RyanEdwardHall / anagrambler

Finds all anagrams and sub-anagrams in a string
MIT License
4 stars 1 forks source link

Replace strings with byte slices everywhere #16

Closed mcgid closed 8 years ago

mcgid commented 8 years ago

NOTE: Also, stop lowercasing dictionary data. See below.

Before, we were converting the dictionary from []byte to string and then sorting and splitting it. Many allocs, splits, joins.

Now we keep everything as []byte. Since we've moved from strings to []bytes, we can't just range over the strings to step through the UTF-8 code points. Now we step through the slices by decoding the runes one at a time using utf8.DecodeRune().

It still makes sense for the external API for Add() to accept just a string arg, so meat of that function has been moved to an internal add().

add() doesn't create the sorted word itself, to allow Open() the ability to take potentially more efficient steps to allocating, copying and sorting the dictionary data all at once.

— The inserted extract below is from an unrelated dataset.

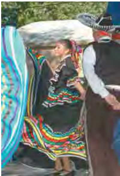
A record-breaking 72,673 attendees enjoyed the Fiesta Day celebration in Pueblo

The sorting method used is the built-in sort.Sort(), but this is not necessarily the most efficient. Testing elsewhere indicates that an in-place Shell sort with the right parameters could be much faster. This isn't worth exploring now, however, since benchmarking on my machine indicates that of the ~1.2s of Open() time, only about 50ms are spent sorting.

Lowercasing

This also stops lowercasing the dictionary data as we add it. Case folding is a bit of a complicated topic, and Scrabble contains very specific, limited character sets. We shouldn't make assumptions about changing the input data; instead, we should just use data appropriate for our puprpose.

The data currently in the repo in use for testing isn't appropriate. We need to fix that at some point.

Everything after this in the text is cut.